Secundino Hernández: Paso

Secundino Hernández: Paso to Sat 6 May 2017
 

Secundino Hernández’s second solo exhibition at Victoria Miro takes place across gallery locations at Wharf Road and Mayfair and features works made especially for the galleries, including abstract paintings and a new series of figurative works. New large-scale abstract paintings are on display at Wharf Road.

Victoria Miro Secundino Hernandez 1

Victoria Miro Secundino Hernandez 2

Victoria Miro Secundino Hernandez 3

Victoria Miro Secundino Hernandez 4

Victoria Miro Secundino Hernandez 5

Meaning ‘step’, the exhibition title, Paso, refers to a series of movements through abstraction and figuration. In a new body of works on display at Victoria Miro Mayfair, figurative forms are conjured from a dynamic interplay of lines and marks. Hernández thinks of these works as “invented portraits” – modelled not on specific individuals but analytical of techniques, such as chiaroscuro, used to delineate and describe a figure in space. For the artist, the process of “making and unmaking” these works speaks metaphorically of how identity is forged over time: “We are all constructed from these broken moments. We continue, we fall, and we continue again.”

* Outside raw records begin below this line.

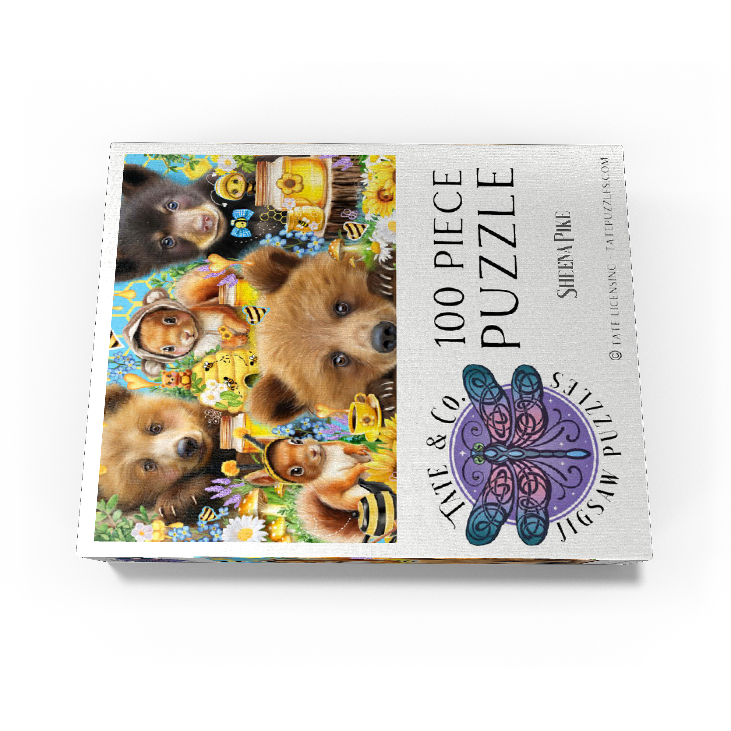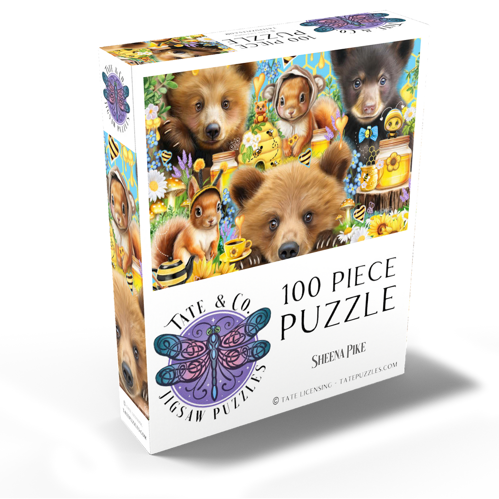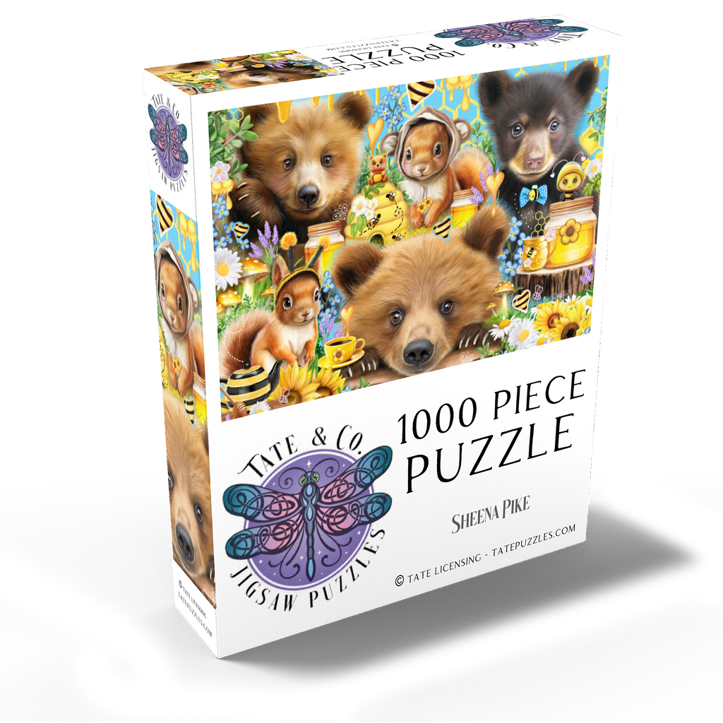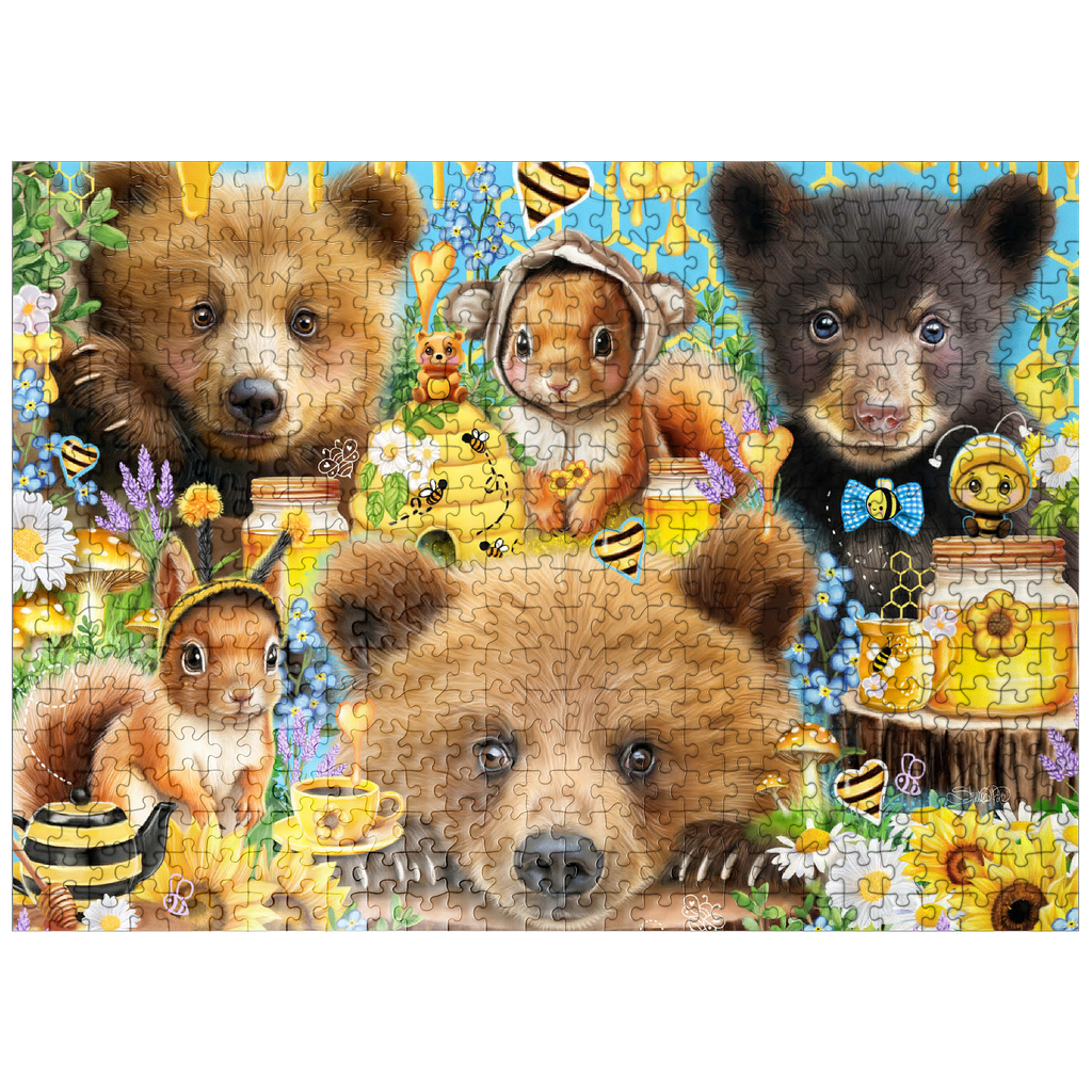 A vibrantly detailed illustration by Sheena Pike, depicting a whimsical honey-themed scene. The artwork features a group of endearing baby bears reveling in a summery tableau, harmoniously integrated with motifs of bees, honeycombs, and a charming squirrel companion. Combining illustrative techniques with adorable character designs, this piece is ideally suited for a captivating puzzle experience.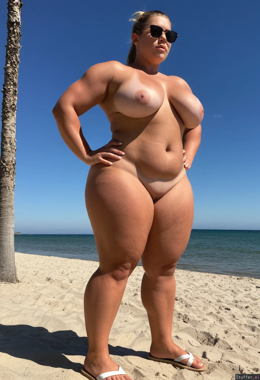 20 year old girl, beach on sunny day, brown blonde hair, sunglasses, tan lines, huge puffy lips, wide hips, (((massive chunky thighs))), standing in sun, wearing sandals, ((small perky breasts)), (((extremely hyper muscular))), (((huge muscles)))
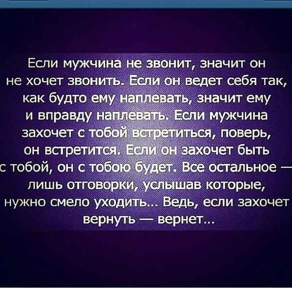 Отпускайте своего парня и не названивайте по 300 раз за вечер, ваши многочисленные звонки и сообщения наоборот оттолкнут мужчину и ему не захочется возвращаться. Мужчины не любят, когда что-то происходит не по их воле. - Жесты. Мужчинам не свойственна активная жестикуляция, поэтому важно наблюдать за жестами партнера – они говорят о многом. Если мужчина заинтересован, то он постоянно будет смотреть в ее глаза и желать касаться.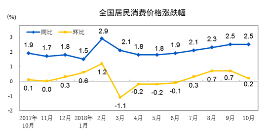 2018年10月份,全国居民消费价格同比上涨2.5%。其中,城市上涨2.5%,农村上涨2.6%;食品价格上涨3.3%,非食品价格上涨2.4%;消费品价格上涨2.8%,服务价格上涨2.1%。1-10月平均,全国居民消费价格比去年同期上涨2.1%。

At Wharf Road, Hernández shows abstract paintings that continue his investigation into gesture and form while extending the innovative techniques of accumulation and removal for which he has become widely known. Dramatic contrasts of colour and scale inform displays in the ground and first floor galleries. In the ground floor gallery, a series of large-scale gestural canvases based around the primary colours, red, yellow and blue, find their apparent opposite in a monochrome ‘palette’ work. In contrast, the first floor gallery features ostensibly monochrome paintings, energised through linear dynamism and derived in part from a process of removing paint with a pressure washer. Almost archaeological in nature, this method involves the artist erasing pigment to expose the canvas beneath. The resulting ‘wash’ paintings have a dramatic, exploratory quality and openly display the triumphs and struggles of the artist’s practice.

Discussing the tension between calculation and spontaneity in these works, Hernández says: “When the works succeed I don’t see geometric shapes any more. I see a dance between pictorial languages and a balance between something which is very much under control and something else which is accidental.” They find their opposite in a monumental, richly coloured painting, the largest example of a Hernández ‘palette’ work to date. Created through a highly visceral accumulation of pigment, the palette works, which the artist refers to as being “like a diary of everyday life in the studio”, are like extended versions of the functional artist’s palette, expanded in scale and through the duration of their making.

Together, the works in the exhibition reveal an extended consideration of process and image, and the expanded scope of the artist’s pictorial language.

Born in 1975 in Madrid, where he currently lives and works, Hernández has held recent solo exhibitions at institutions including the Yuz Museum, Shanghai (2015) and Maison Louis Carré, Bazoches-sur-Guyonne, France (2014). His work is in numerous institutional and private collections including National Museum of Wales, Cardiff, UK; Auckland Art Gallery, New Zealand; The Rubell Family Collection, Miami, USA; Museo Municipal de Madrid, Spain; Kunstdepot Göschenen, Switzerland; and the Art Gallery of Ontario, Canada.

An accompanying catalogue, published by Victoria Miro, will include an essay by Oliver Basciano and a conversation between the artist and Martin Coomer.